Extent Of The Atmosphere
• So, how far does the
atmosphere extend above the
Earth’s surface?
• There’s no sharp boundary
indicating where the
atmosphere ends and space
begins, but there is a point
where the numbers of
atmospheric molecules begins
to decline rapidly.
• Looking at changes in
atmospheric pressure might
indicate how high up the
atmosphere goes.
• Sea level is generally considered the starting point of the atmosphere,
where there is about 1000 grams per square centimeter of atmosphere
pressing down on us.
• Half of the atmosphere lies below an altitude of 5.6 km (3.5 miles),
about 90% of the atmosphere is below 16 km (10 miles), and about
99.99997% of the atmosphere lies below 100km (62 miles).

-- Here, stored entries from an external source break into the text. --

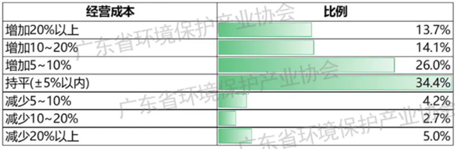 經(jīng)營成本方面,環(huán)保企業(yè)經(jīng)營成本普遍上升。調(diào)查企業(yè)中,53.8%的環(huán)保企業(yè)反饋成本同比上升,34.4%的環(huán)保企業(yè)基本持平,僅有11.8%的企業(yè)反饋成本下降。
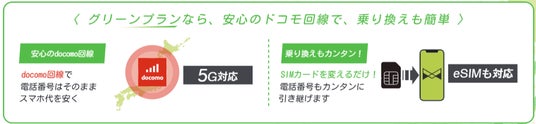 5Gに対応した安心のドコモ回線を利用しています。電話番号はそのまま、毎月のお支払い料金を安くすることができます。他キャリアからの乗り換えは、SIMカードを変えるだけで、電話番号も簡単に引継ぎ可能です。
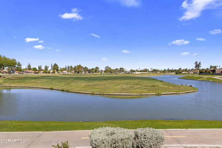 Waterfront! Rare Opportunity to own a waterfront and golf lot without the golf balls. Incredible views from the Living Room, Primary Bedroom & breakfast nook. The backyard has direct access to over 14 miles of multi-use paths for riding bikes or leisurely walks. The Santa Fe community is located in the heart of McCormick Ranch near the best restaurants, entertainment and shopping. Waterfront/Golf lots do not hit the market often in this community. The home itself has been well cared for and is available furnished via separate bill of sale. OR you can update it exactly the way you want. Roof recoated in 2024. The community pool, clubhouse and exercise room are just a few homes away. HOA takes care of front landscaping and front exterior painting. Enjoy!!
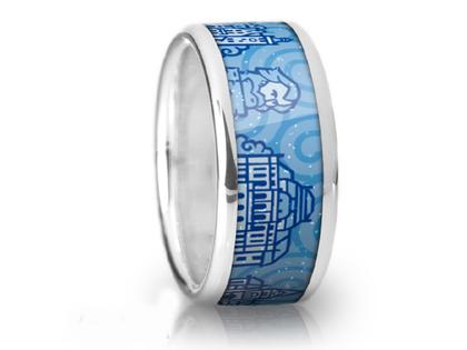 Ring aus 925/- Silber mit transparenter High-Tech Keramik, mit farbigem Chemnitz-Motiv: Altes und Neues Rathaus, Karl-Marx-Monument, Opernhaus, Petrikirche, Roter Turm, Wasserschloss Klaffenbach
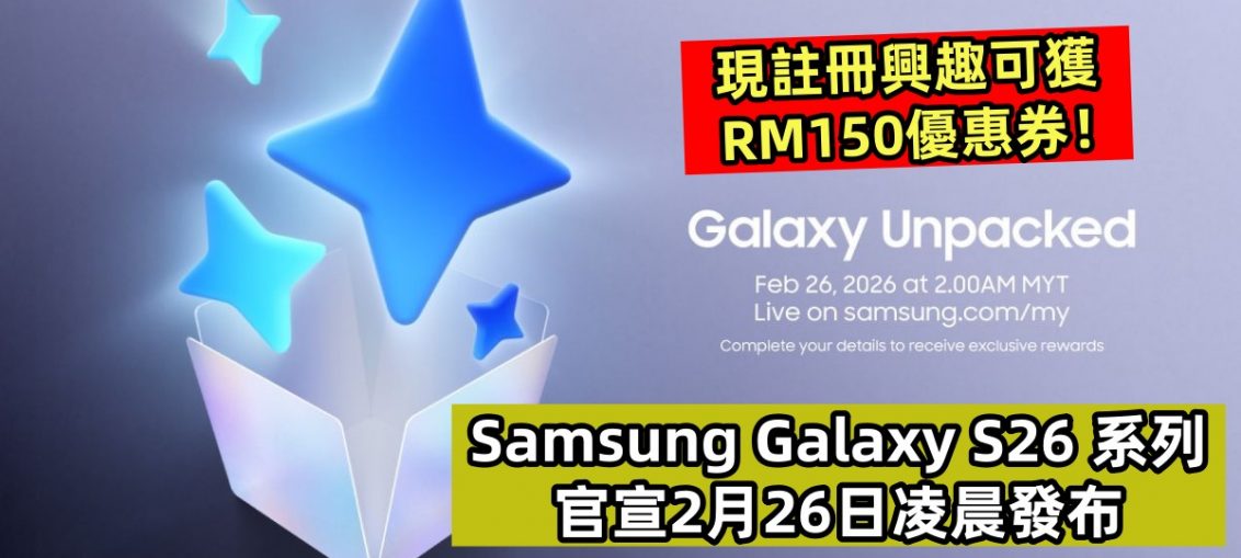 Galaxy AI 再進化:Samsung Galaxy S26 系列官宣2月26日凌晨發布;現註冊興趣可獲RM150優惠券! Android 最新消息 by Victor Ng - 11 2 月, 20260 在新機消息不斷湧出之際,三星終於在今天正式對外宣布將在2月26日凌晨兩點(馬來西亞/台灣/香港時間)舉辦新一场 Galaxy Unpacked 新品發布會,屆時 Samsung Galaxy S26 新一代旗艦系列將隆重登場與大家見面! 根據官方預熱圖,我们得知新一代 Galaxy S26 系列將於 2026 年 2 月 26 日(馬來西亞時間凌晨 2:00) 位於美國舊金山舉辦的 Galaxy Unpacked 發佈會上亮相。 這次發表會的核心主軸非常明確 —— 讓 Galaxy AI 變得更個人化、更自適應、更無縫整合日常生活。 Samsung 表示,這將標誌著 AI 手機時代進入全新階段,從你拿起手機的那一刻開始,就能感受到更流暢、更直覺、更自信的使用體驗。 此外三星馬來西亞也開啟了預熱活動,即日起有興趣購買 Galaxy S26 系列的朋友只需前往官網(點擊這)註冊興趣就能獲得價值 RM150 的電子優惠券以及獲得機會贏取總值超過 RM68,000 的禮物哦 ~ 綜合目前曝光訊息, Galaxy S26 Ultra 邊框很大機率從前代的鈦金屬轉換到鋁(Aluminium);機身設計更纖薄,尺寸僅有 163.6 × 78.1 × 7.9 mm,厚度從前代的 8.2mm 削薄至 7.9mm;重量則降低至 214g。 Galaxy S26 Ultra 正面搭載 6.9寸 2K 分辨率熒幕,其熒幕將升級配置最新 M14 材質,並將效仿摺叠屏手機採用 CoE 去偏光片技術,同時也加入可提模擬隱私保護貼效果的 Flex Magic Pixel 技術;熒幕上方配置康寧 Gorilla Armor2 玻璃。 拍攝方面,Galaxy S26 Ultra 將搭載【兩億(主;) + 5000萬(超廣角) + 1000萬(中焦) + 5000萬(長焦)】像素四攝鏡頭,當中主攝將搭載 F1.4 更大光圈;3x 變焦鏡頭將更換感光元件;至於 5x 長焦鏡頭也搭載 F2.8 更大光圈。 自拍鏡頭方面,儘管相機硬件沒升級,但但焦距從原本的 25mm 改為 23mm 等效焦距。換句話說,用戶在自拍時能捕捉到如主攝鏡頭般更廣畫面,無論是多人合照還是取景背景都能更輕鬆地納入。 性能方面,Samsung Galaxy S26 Ultra 將全面采用高通驍龍8 Elite Gen5 處理器搭配 12GB RAM,當中最高 1TB 容量版本將搭配 16GB RAM。 至於續航力方面,這部新旗艦内置 5000mAh 電量搭配更迅速 60W 閃充技術,據悉能在半小時内為 手機充電 75%;同時無綫充電也將從前代的 15W 提升至 25W。 至於定位稍低的 Samsung Galaxy S26 / S26+ 将分別配上 6.2寸以及 6.7寸屏幕,當中標準版將沿用 FHD+ 分辨率,而 Plus 版本則配置 2K 屏幕。 拍攝方面,Galaxy S26 / S26+ 預計會配置【5000萬(主;OIS)+ 1200萬(超廣角)+ 1000萬(3x變焦;OIS)】三攝鏡頭,如無意外相機規格與前代保持一致,并沒做出任何升級。 性能方面, Galaxy S26 / Galaxy 26+ 將采用雙芯策略,並于美國以及中國市場推出高通驍龍8 Elite Gen5 處理器版,而亞洲 & 歐洲市場則推出 Exynos 2600 處理器版本。 至於電航力方面,Galaxy S26 將配置稍大的 4,300mAh 電量搭配 25W 閃充技術;而 Galaxy S26+ 則内置 4,900mAh 電量搭配 45W 閃充;兩部新機將支援 Qi2 15W 無綫充電技術。 全新一代 Galaxy S26 系列將伴隨 One UI 8.5 新系統于2月26日凌晨隆重登場! 那到底三星還有什麼驚喜仍未揭曉?而 Galaxy AI 這次又會帶來哪項領先的創新功能? 這要大家拭目以待官方發布會消息更新了! 来源 Victor NgA friendly Malaysian who has passion on Tech Gadgets and Mobile Photography. 分享此文: 按一下即可分享至 X(在新視窗中開啟) X 按一下以分享至 Facebook(在新視窗中開啟) Facebook 分享到 WhatsApp(在新視窗中開啟) WhatsApp 按一下以分享到 Telegram(在新視窗中開啟) Telegram 相關
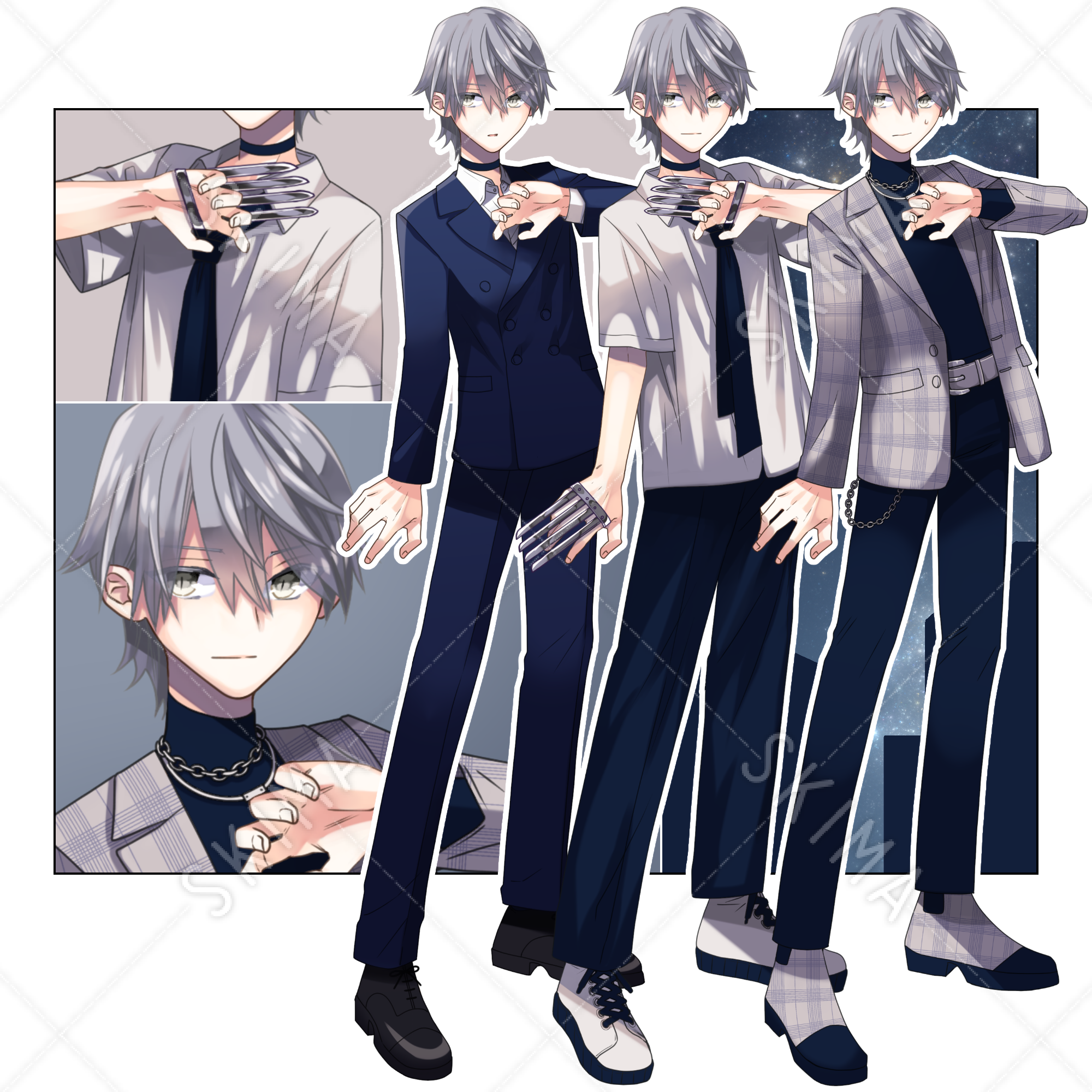 【12/14まで4割引】灰色髪の男の子【表情・衣装3種ずつ、武器パーツ付き】

Thermal Structure Of The Atmosphere
• Meteorologists have discovered that our atmosphere has four different
layers with different functions.
• The bottom layer that we live in is called the Troposphere, and it goes
from surface level to about 10 km up.
• The temperature gets colder, the higher up we go in this zone of the
atmosphere.
• The Troposphere gets most of the attention in meteorology, because this
is the layer in which weather occurs.
• The boundary between the Troposphere and the next layer up is called
the Tropopause.
• The Stratosphere is the next layer up, and this is the layer where ozone
is located.
• From the Stratosphere’s
lower boundary (10km) to
about 20 km up, the
temperature remains
constant.
• At about 20 km, the
temperature begins to
increase to a maximum of
just under 0oC.
• This is due to the amount
of ozone in this layer
absorbing ultraviolet
radiation.
• At about 50 km is the
Stratopause, which is the
boundary between the
Stratosphere and the
Mesosphere.
• In the Mesosphere, the air
really gets cold, with temperatures dropping from just under 0oC all the
way down to -90oC.
• The boundary between the Mesosphere and the Thermosphere is called
the Mesopause.
• The Mesopause is where we find the atmosphere’s coldest temperatures
(-90oC).
• Above the Mesopause is where we find the Thermosphere, which has
no as no defined upper limit.
• This graph to the left is a bit misleading; it infers that the temperature at
this level is extremely high, which is correct.
• In the Thermosphere temperatures get up to 1000oC, but these
temperatures are not comparable to surface temperatures on Earth.
• At this height, molecules are very hot because the gases are absorbing a
lot of energy.
• But because there are so few molecules, there is a very small amount of
heat.
• In the highest parts of the Thermosphere is an electrically charged layer
called the Ionosphere.
• This layer molecules of nitrogen and oxygen absorb high-energy short
wave radiation.
• When solar radiation bounces off of the Ionosphere and interacts with
nitrogen and oxygen, the resulting Northern & Southern Lights is
amazing.
• The northern lights are called the Aurora Borealis, and the southern
lights are called the Aurora Australis.